▸ **TASK GOAL**
Return all the entries exactly, keeping pictures out.

(Dataset excerpts)
------------------------------------------------

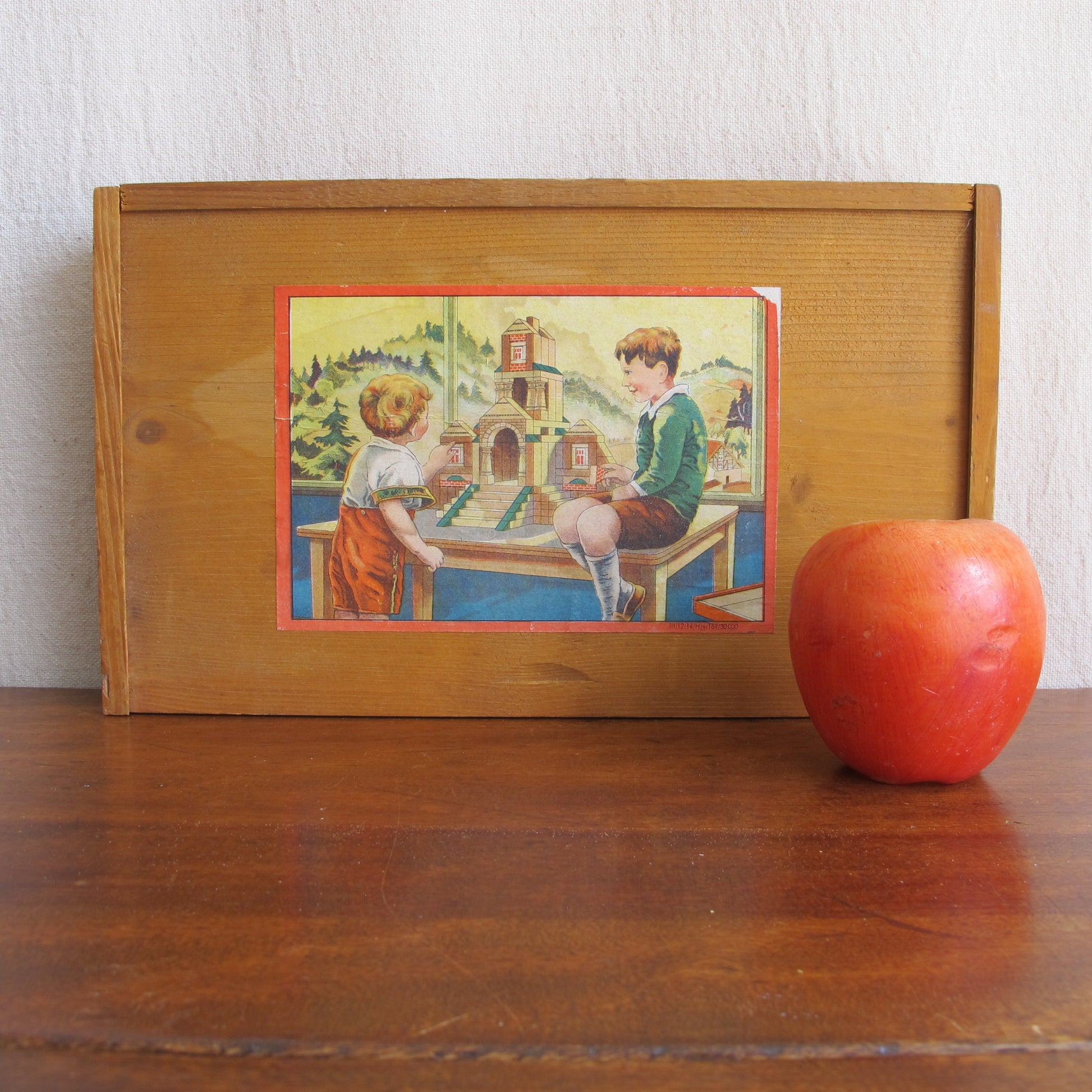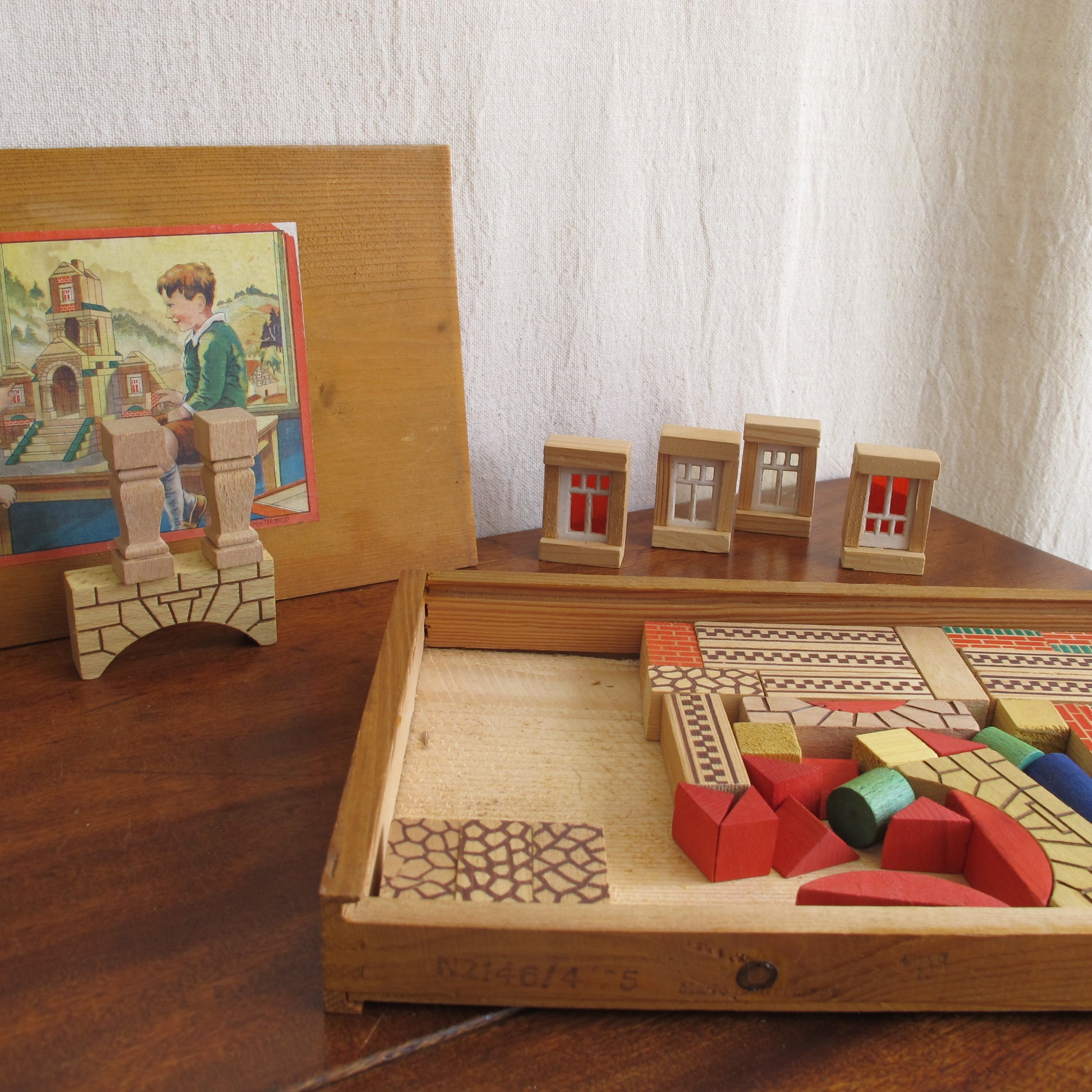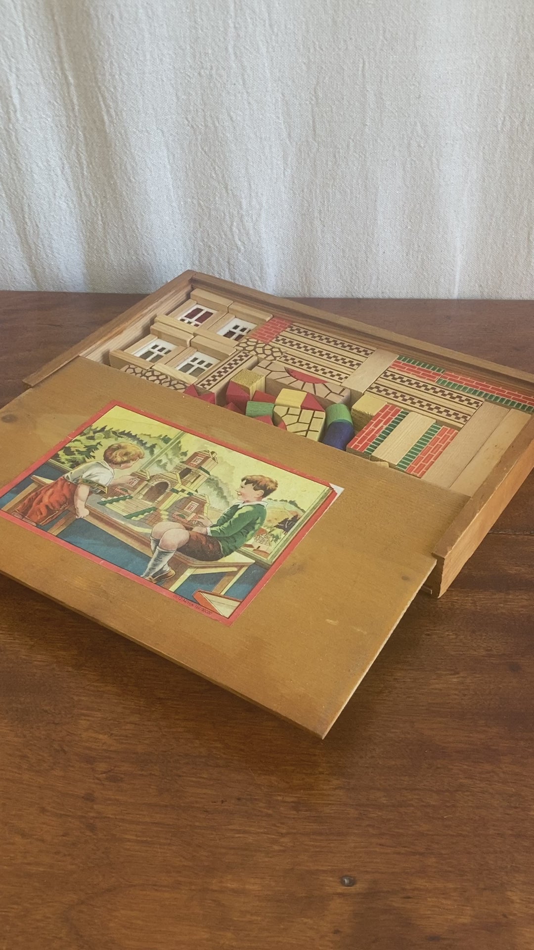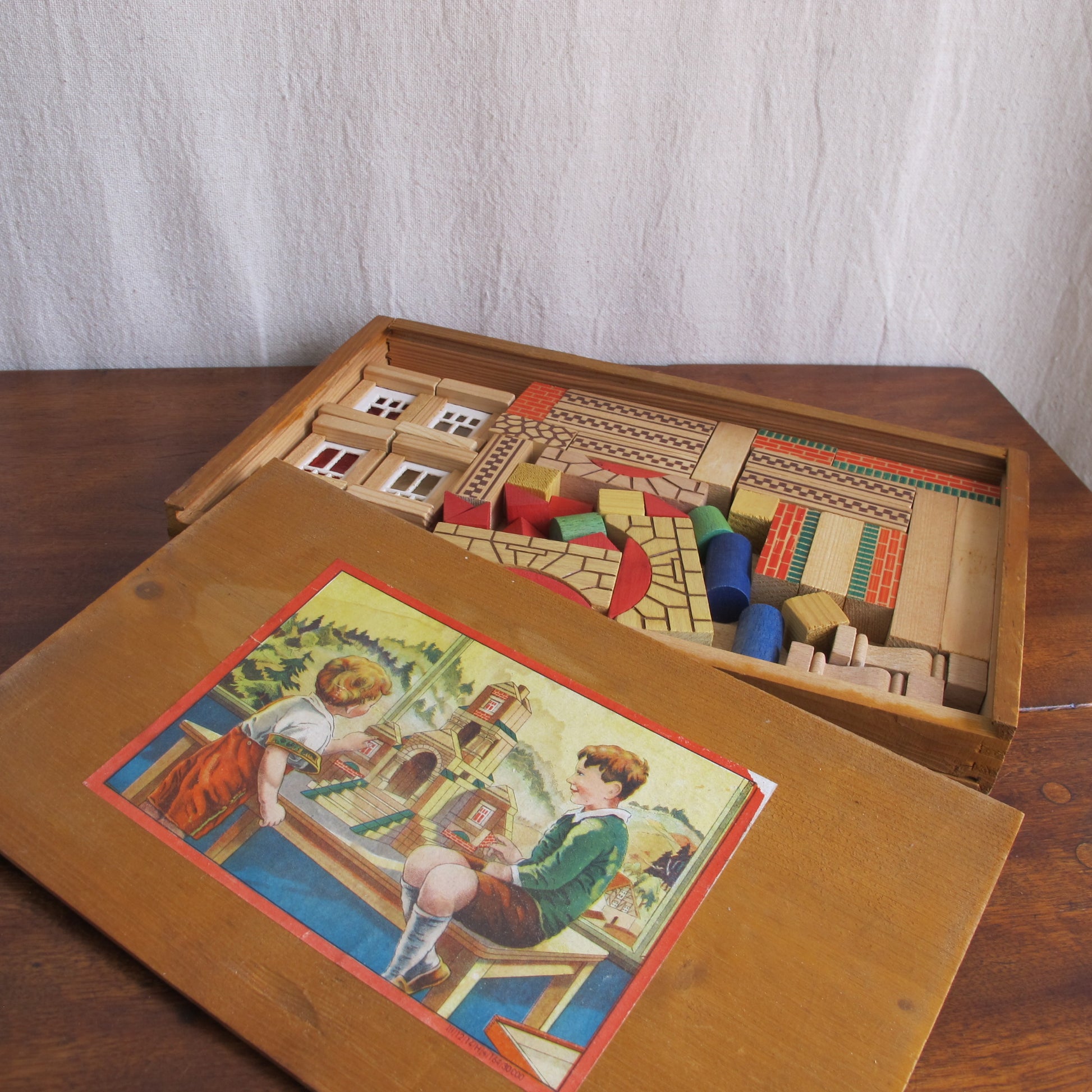 Architectural toy building block set in wood with paper and mica, made in Germany, c. 1920 vintage antique
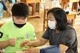 3・4校時に家庭科で裁縫をしました。前回は玉結びを学習しましたが、今回は波縫いを学習しました。家庭科担当の斉藤先生に縫い方を教えていただき、みんな一生懸命縫いました。途中、小髙教頭先生にもお手伝いいただき、個に応じた支援をしていただきました。5・6年生11名全員、きれいに仕上げることができました。
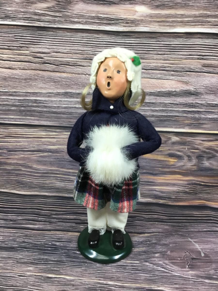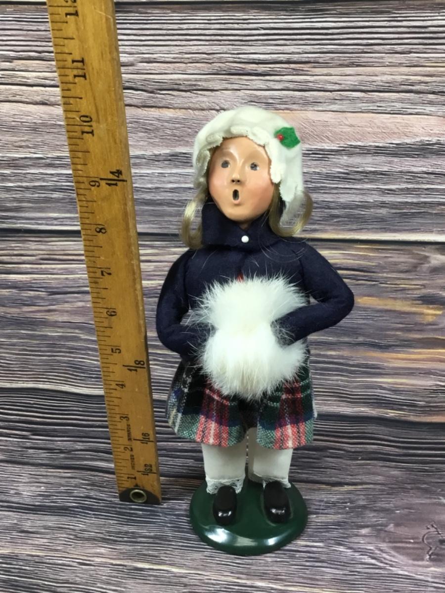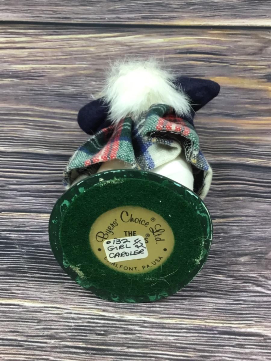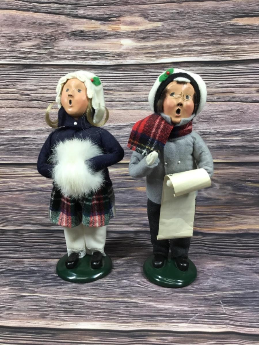 Both items are in decent condition. The girl caroler’s shoes are not attached to the figure. The scroll of music on the guy caroler is the wrong way. Both items are approximately 9” tall.
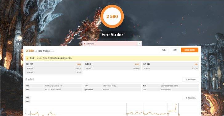 華碩靈耀Deluxe14搭載的顯卡為MX 150,3Dmark Fire Strike的跑分為2580分,成績并不是很高,但是考慮到機身厚度只有15mm,這也可以理解。雖然這塊MX 150沒有滿血版那么兇猛,但是應對《英雄聯盟》這類的網游也是足夠了的。
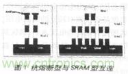 Actel 公司的抗熔斷型FPGA是用先進的CMOS工藝制作的,內(nèi)部采用專利的金屬-金屬抗熔斷元件。抗熔斷互連就象純金屬互連一樣,而與用晶體管開關(guān)的SRAM 互連截然不同??谷蹟嘟Y(jié)構(gòu)消除了CRAM互連開關(guān)中圖騰柱結(jié)構(gòu)的功耗,并且縮小了器件的尺寸,使全部連線資源都位于硅片的頂部。這種結(jié)構(gòu)可以更形象地用掩 埋在金屬層上的“模塊海洋”來描述,極大地減少了芯片的尺寸以及開關(guān)的電阻與電容,從而降低了功耗(圖1)。
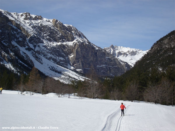 Un tratto dell'anello "rosso" sullo sfondo dell'imbocco della valle Stretta.

------------------------------------------------

▸ **SOLVED EXERCISE**
 Architectural toy building block set in wood with paper and mica, made in Germany, c. 1920 vintage antique
 3・4校時に家庭科で裁縫をしました。前回は玉結びを学習しましたが、今回は波縫いを学習しました。家庭科担当の斉藤先生に縫い方を教えていただき、みんな一生懸命縫いました。途中、小髙教頭先生にもお手伝いいただき、個に応じた支援をしていただきました。5・6年生11名全員、きれいに仕上げることができました。
 Both items are in decent condition. The girl caroler’s shoes are not attached to the figure. The scroll of music on the guy caroler is the wrong way. Both items are approximately 9” tall.
 華碩靈耀Deluxe14搭載的顯卡為MX 150,3Dmark Fire Strike的跑分為2580分,成績并不是很高,但是考慮到機身厚度只有15mm,這也可以理解。雖然這塊MX 150沒有滿血版那么兇猛,但是應對《英雄聯盟》這類的網游也是足夠了的。
 Actel 公司的抗熔斷型FPGA是用先進的CMOS工藝制作的,內(nèi)部采用專利的金屬-金屬抗熔斷元件。抗熔斷互連就象純金屬互連一樣,而與用晶體管開關(guān)的SRAM 互連截然不同??谷蹟嘟Y(jié)構(gòu)消除了CRAM互連開關(guān)中圖騰柱結(jié)構(gòu)的功耗,并且縮小了器件的尺寸,使全部連線資源都位于硅片的頂部。這種結(jié)構(gòu)可以更形象地用掩 埋在金屬層上的“模塊海洋”來描述,極大地減少了芯片的尺寸以及開關(guān)的電阻與電容,從而降低了功耗(圖1)。
 Un tratto dell'anello "rosso" sullo sfondo dell'imbocco della valle Stretta.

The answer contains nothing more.